What kind of notice must employees provide to their employer when taking leave under the Family and Medical Leave Act? And how strictly may an employer rely on a doctor’s certification regarding the amount of FMLA leave an employee requires? A recent decision, Jackson v. United States Postal Service, from the U.S. Court of Appeals for the Sixth Circuit, provides guidance on these difficult questions.
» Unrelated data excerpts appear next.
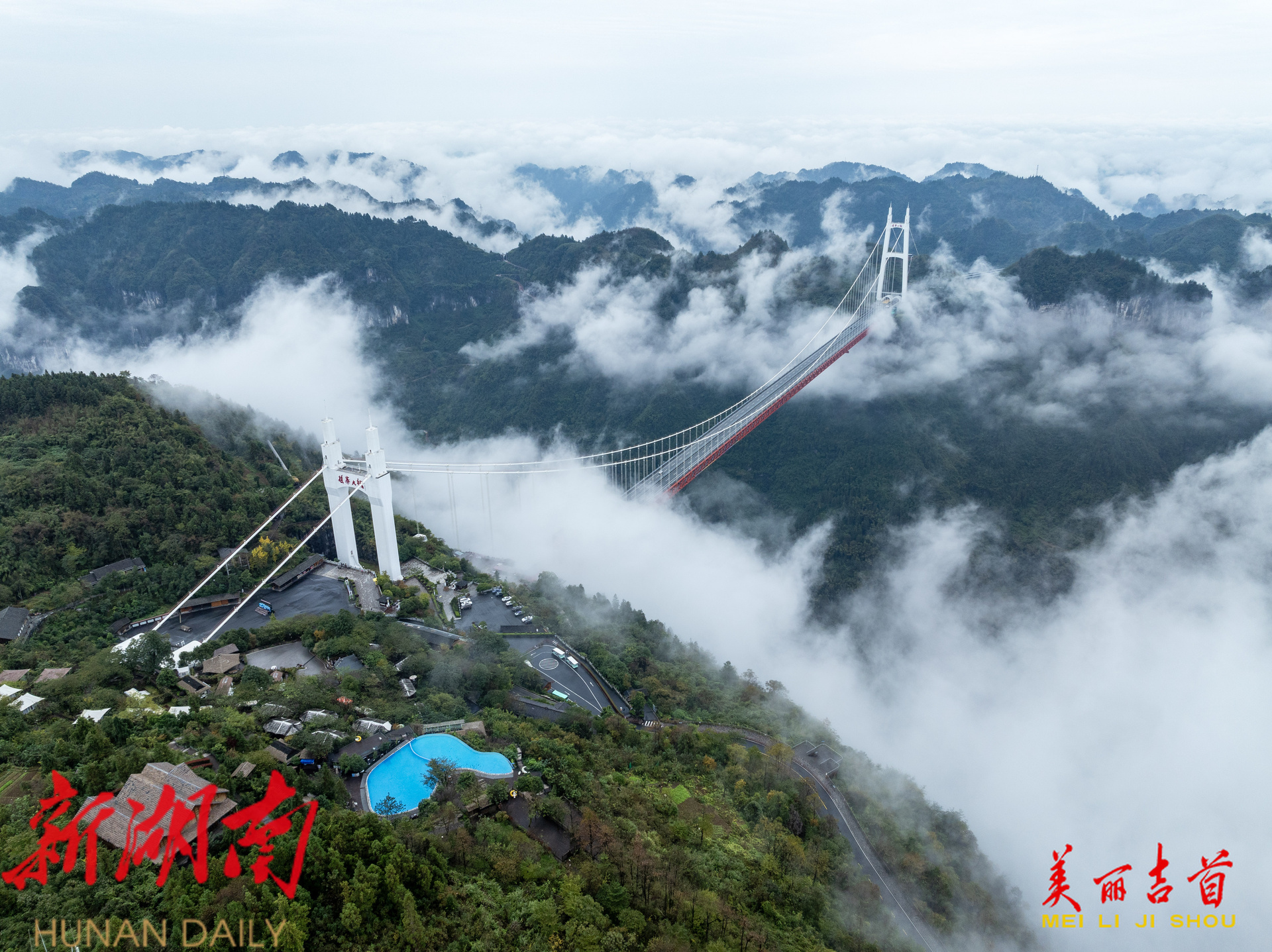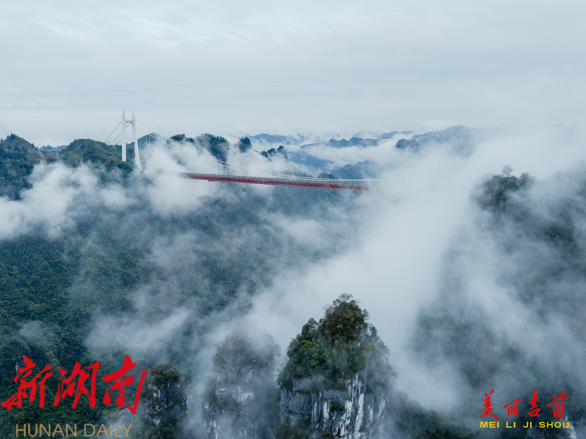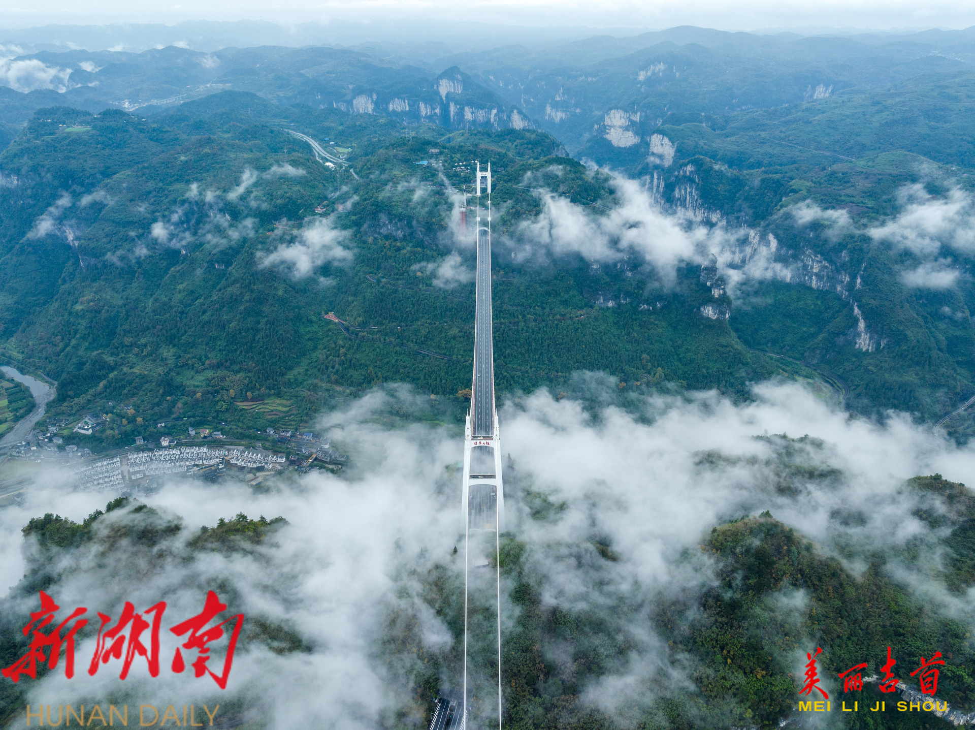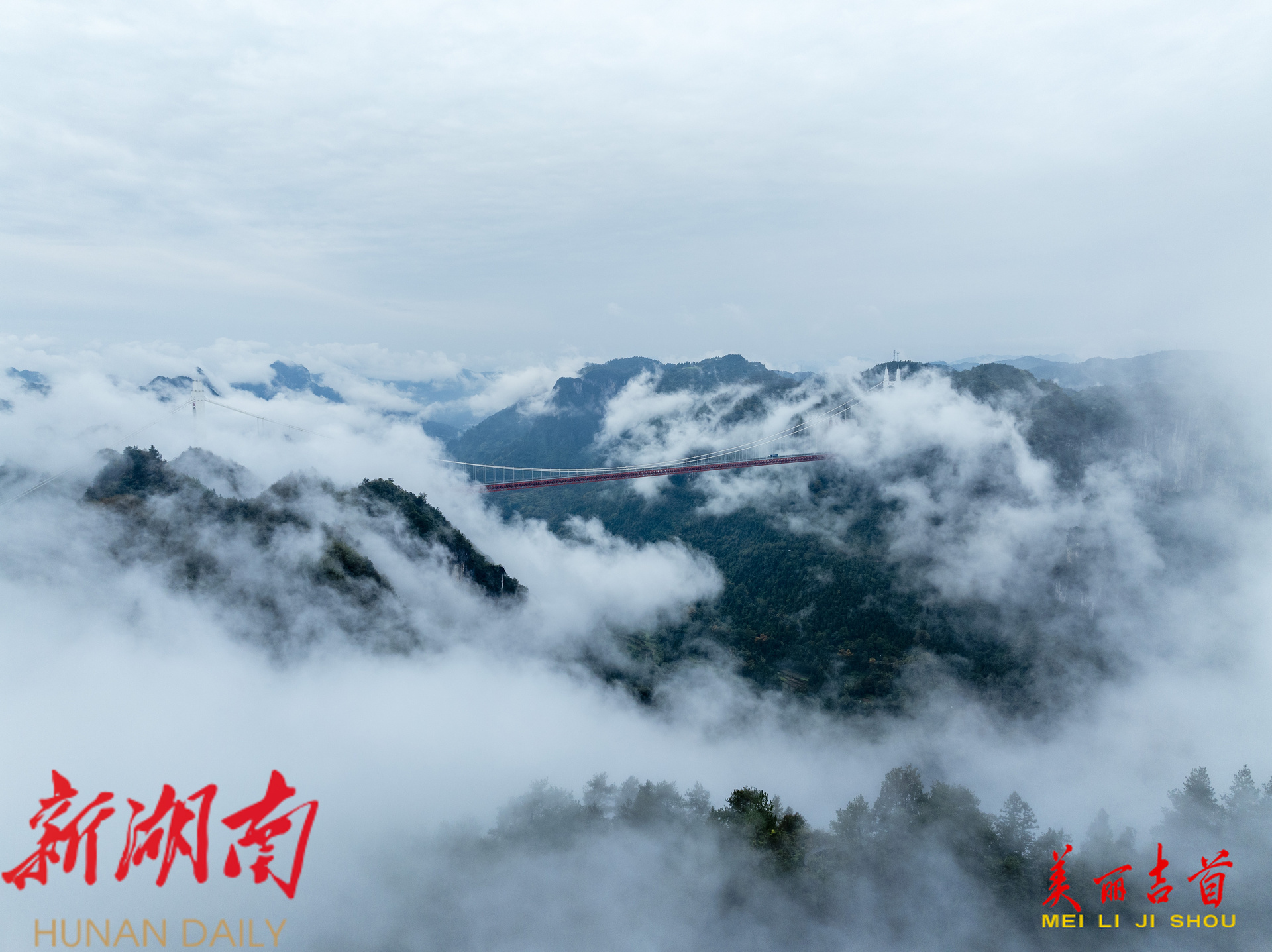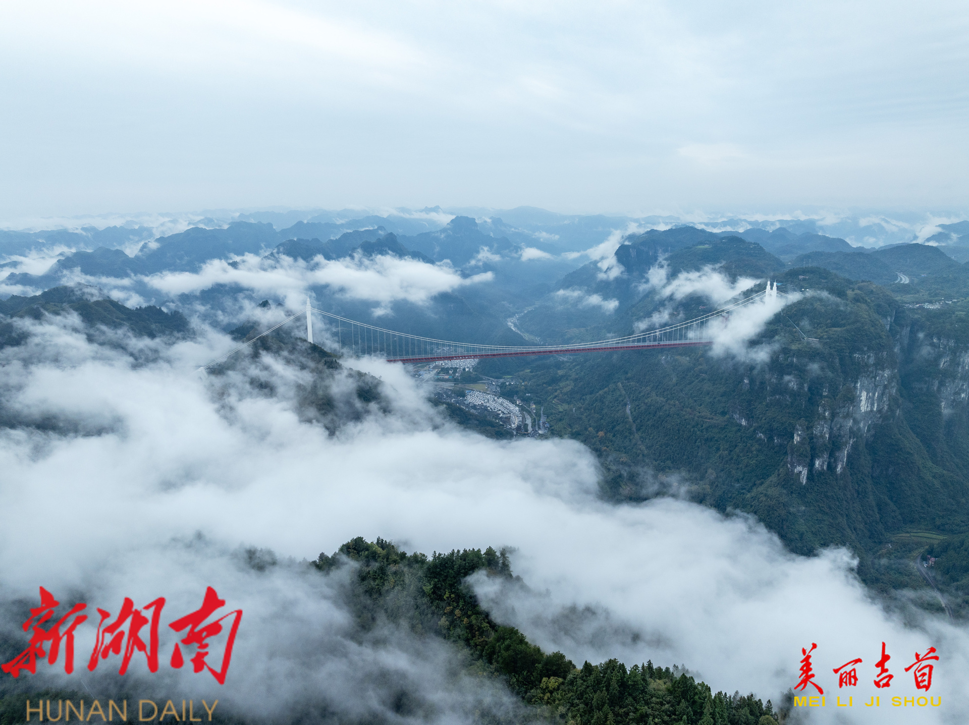 云海翻腾,矮寨大桥入画来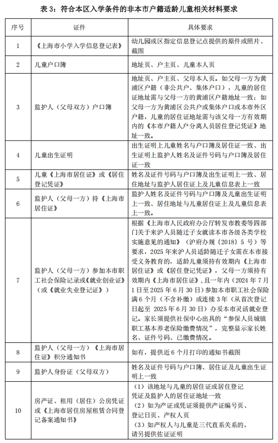 3 | 《本市户籍人户分离人员居住登记(回执)》或《本市户籍人户分离人员居住登记申请(回执)》 | 儿童本人(受理截止日为4月23日) | 原件及复印件 |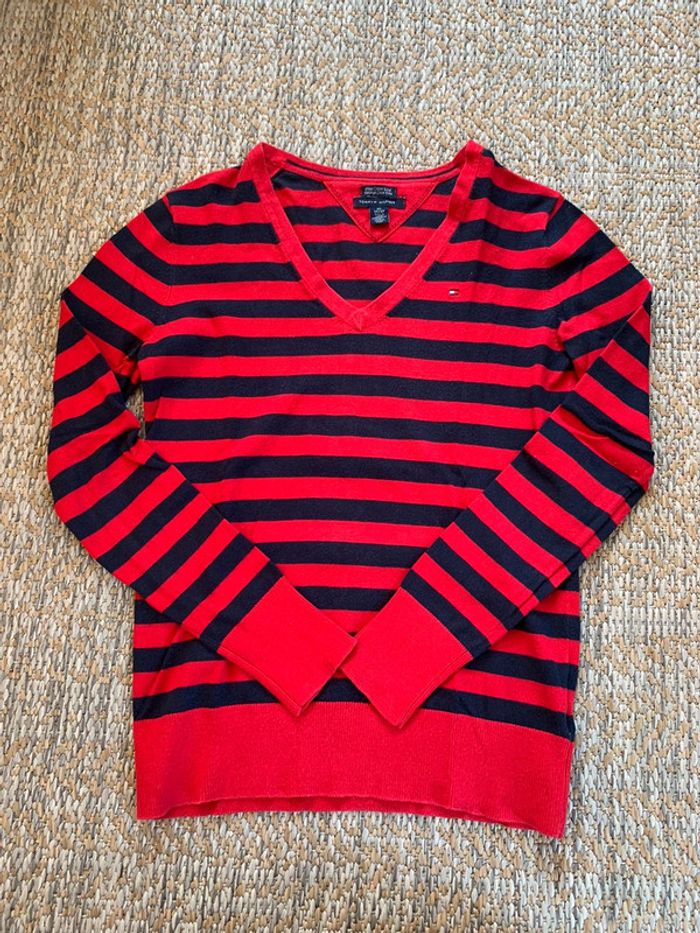 Pull / sweat col V Tommy Hilfiger style marinière bleu Marine rouge taille XS - photo numéro 1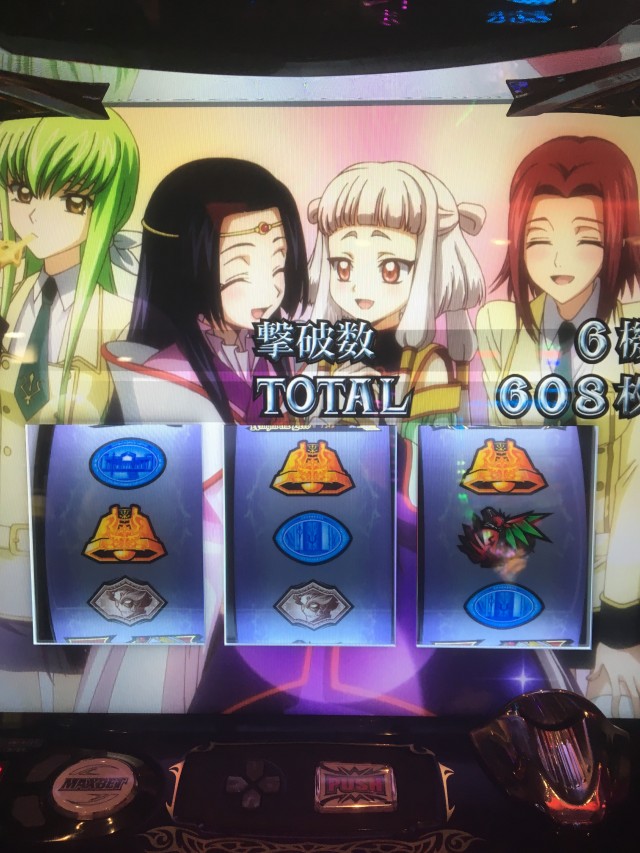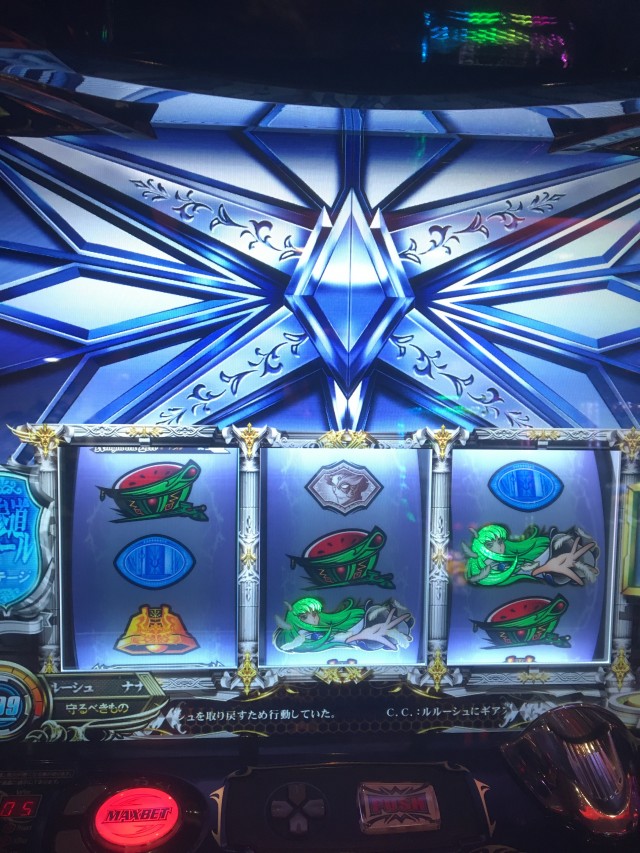 ルルーシュの目が紫色に変化したらRAorボーナス濃厚なので失敗時の引き戻しに再度当選しましたね。いよいよ6の匂いがしてきました・・そしてこのRAでようやく!

The employee, Kristopher Jackson, suffers from sickle cell anemia, which can flare up unpredictably and cause him to miss work. Jackson’s doctor provided an FMLA certification indicating the frequency of flare-ups as twice a month. But throughout his years-long employment with the United States Postal Service (USPS), the employee consistently had attendance issues, only some of which were FMLA-covered absences. Eventually, due to his unprotected absences, the employee was placed on a last chance agreement (LCA) under which he would be discharged if he accrued more than three unexcused, non-FMLA absences within any six-month period.
Approximately six months later, USPS discharged the employee for violating the LCA, by incurring six unexcused absences and one absence without leave (AWOL) incident. The employee challenged the employment termination as interfering with his FMLA rights, arguing that four of the absences and the AWOL incident were FMLA-covered. He claimed that his manager had incorrectly classified these incidents as “Not FMLA Protected.”
The federal district court granted summary judgment in favor of USPS, concluding that the employee was only approved for two days of FMLA leave per month (as noted on the medical certification his healthcare provider completed), and any additional leave beyond that—even if due to his sickle cell anemia—was unprotected. This appeal followed.